#### WHAT TO WORK ON:
Set down the data below without change, skipping the pictures it holds.

#### DATA PROVIDED:
=-=-=
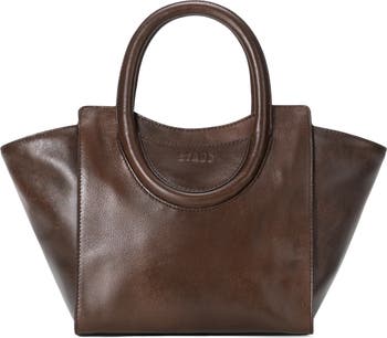 Debossed logo detailing understatedly brands the rich leather of a scaled-down tote fitted with rolled top handles and an optional crossbody strap.
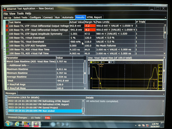 Compliance Test 를 마쳤다. 100M 대역에서 Test 를 진행했다. 전원소스에 따라 Test 결과가 조금씩 달라지는데, 그 중 가장 괜찮게 됐던 Test 이다. 결과는 Fail , Differential Voltage Level 범위안에 전압레벨이 들어오지 않았다. 약 -115mV 정도 차이가 나는데, 이 정도 수치는 상당히 큰 문제이다.
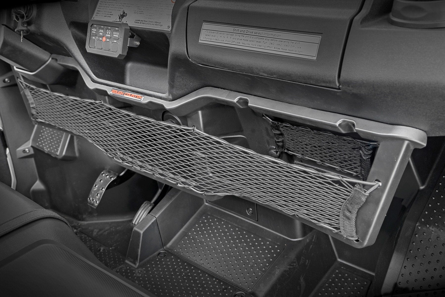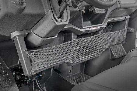 Added Storage. Carrying your essentials in your UTV should never be an issue when taking to the trails. Here at Rough Country, we have created an innovative product to ensure that you are prepared for the road less traveled. Introducing Rough Country's Under Dash Storage Tray for 2016+ Honda Pioneer models.?á\ Innovative Design. Rough Country's Storage tray offers the must-have storage area below the dash of your UTV keeping your cargo within arms reach. Being conveniently placed under the dash Rough Country's Storage Tray ensures that your cargo stays dry and well protected. This convenient storage tray includes storage nets that will prevent your cargo from sliding and falling out! Don't take to the trails ill-prepared. Rough Country's storage box is the must-have solution for carrying your cargo!\ Installation.?áWith minor drilling required, installation couldn't be easier. With an estimated timeframe of 1 hour, this full kit can be installed at home using standard tools and can be completed efficiently and quickly!\ Limited Lifetime Replacement Warranty. Rough Country's Under Dash Storage Tray is backed with a limited lifetime replacement warranty towards manufacturer defects. As such, the product is protected from structural and workmanship damage after the date of purchase. With our industry-leading warranty give yourself peace of mind when using Rough Country's Suspension products!?á
=-=-=
#### SOLUTION TO THE EXERCISE:
 Debossed logo detailing understatedly brands the rich leather of a scaled-down tote fitted with rolled top handles and an optional crossbody strap.
 Compliance Test 를 마쳤다. 100M 대역에서 Test 를 진행했다. 전원소스에 따라 Test 결과가 조금씩 달라지는데, 그 중 가장 괜찮게 됐던 Test 이다. 결과는 Fail , Differential Voltage Level 범위안에 전압레벨이 들어오지 않았다. 약 -115mV 정도 차이가 나는데, 이 정도 수치는 상당히 큰 문제이다.
 Added Storage. Carrying your essentials in your UTV should never be an issue when taking to the trails. Here at Rough Country, we have created an innovative product to ensure that you are prepared for the road less traveled. Introducing Rough Country's Under Dash Storage Tray for 2016+ Honda Pioneer models.?á\ Innovative Design. Rough Country's Storage tray offers the must-have storage area below the dash of your UTV keeping your cargo within arms reach. Being conveniently placed under the dash Rough Country's Storage Tray ensures that your cargo stays dry and well protected. This convenient storage tray includes storage nets that will prevent your cargo from sliding and falling out! Don't take to the trails ill-prepared. Rough Country's storage box is the must-have solution for carrying your cargo!\ Installation.?áWith minor drilling required, installation couldn't be easier. With an estimated timeframe of 1 hour, this full kit can be installed at home using standard tools and can be completed efficiently and quickly!\ Limited Lifetime Replacement Warranty. Rough Country's Under Dash Storage Tray is backed with a limited lifetime replacement warranty towards manufacturer defects. As such, the product is protected from structural and workmanship damage after the date of purchase. With our industry-leading warranty give yourself peace of mind when using Rough Country's Suspension products!?á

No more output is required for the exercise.